Having an afterthought, he asked, “Exactly who is going with you?” Pharaoh realized he was about to make a big mistake if he let all of his Hebrew slaves leave. On the other hand, if he only released the Hebrew men to go have this feast, he could hold their families hostage.
Moses countered with a unexpected response that ruined Pharaoh’s scheme: “We will go with our young and our old, with our sons and our daughters, and with our sheep and our cattle we will go, because we are to hold a pilgrim feast for the Lord.”
‘No way!’ was the essence of Pharaoh’s response saying, “‘No! Go, you men only, and serve the Lord, for that is what you want,” then Moses and Aaron were driven out of Pharaoh’s presence.” The 9th plague of deep darkness for three full days came next, but Pharaoh still didn’t relent.
A 10th plague was now mandated to persuade Pharaoh to let the Hebrews go. This time it would include financial and very personal consequences.
Livestock value to both the Egyptians and Hebrews was very significant, especially for the enslaved Hebrews. Sheep were the source of clothing, food and milk, even as pets. For a household to lose a single lamb meant losing this valuable commodity.
For the Egyptians, cattle were valued in much the same way, probably more so. Cattle were part of the Egyptian religion and represented a status of wealth. Losing a significant portion of livestock would have a disastrous affect.
Leading up to the horrible night of the 10th plague, God offered protection for the Hebrews if they followed a precise sacrificial ritual. Each family was to choose one of their unblemished lambs, sacrifice it, splash its blood on the door posts of their homes, and roast the lamb for a family feast at sunset.

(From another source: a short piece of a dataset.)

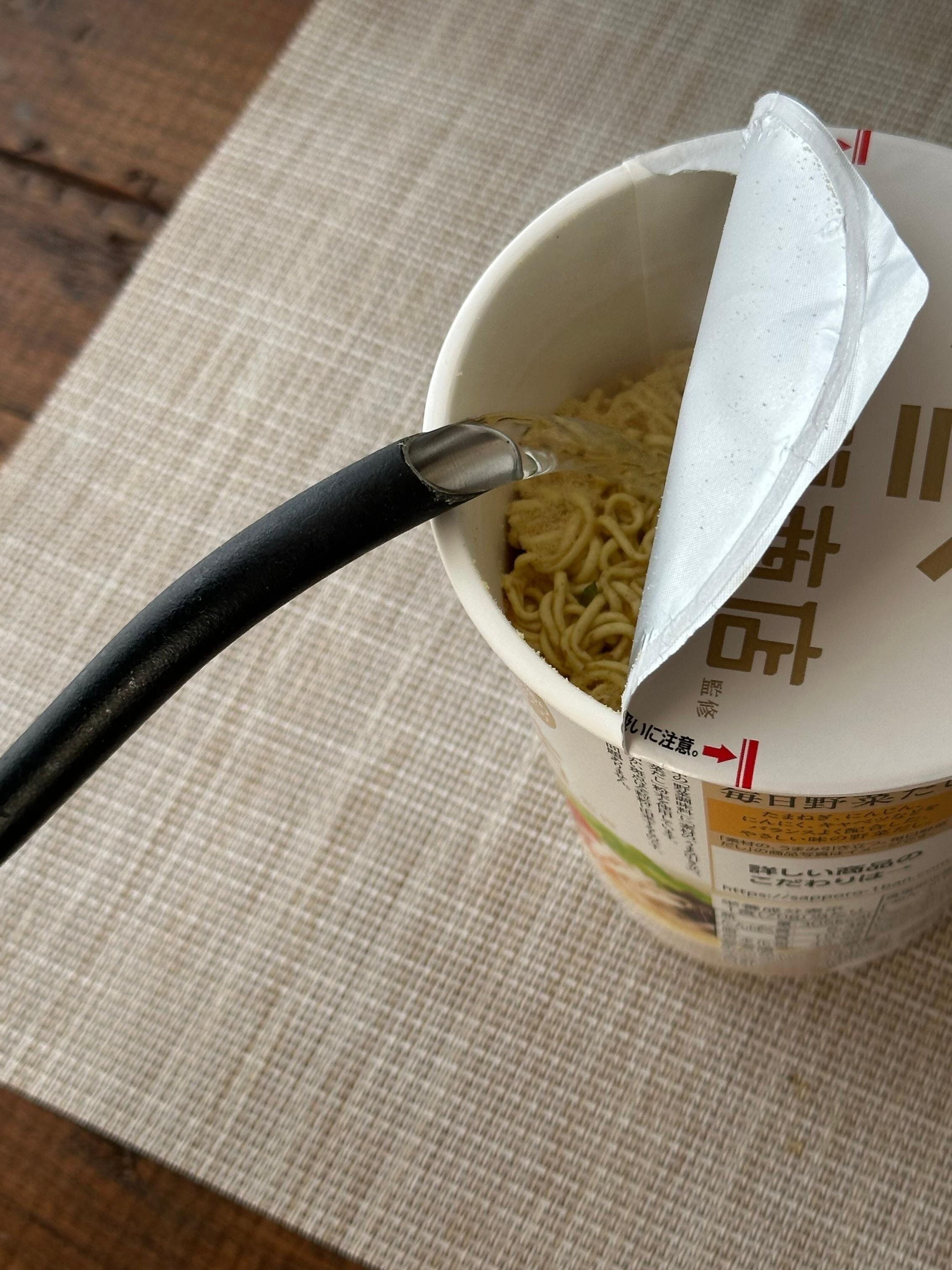 カップ内側の線までお湯を注いで、蓋をしめて3分待つだけで完成です。

At midnight, the angel of death passed over any home with the lamb’s blood splashed on the doorposts thereby sparing the associated lives of the Hebrew’s firstborn and their livestock. The 10th plague was devastating for the Egyptians – every firstborn died. With the death of his own son, Pharaoh’s resolve was finally broken.
Salvation from the plague of death set the stage for what would become Israel’s first legally mandated Feast observance, “It is the LORD’s Passover.” Every year thereafter, the Passover was to be observed:
Ex 12:14 ‘So this day shall be to you a memorial; and you shall keep it as a feast to the LORD throughout your generations. You shall keep it as a feast by an everlasting ordinance.(NKJV)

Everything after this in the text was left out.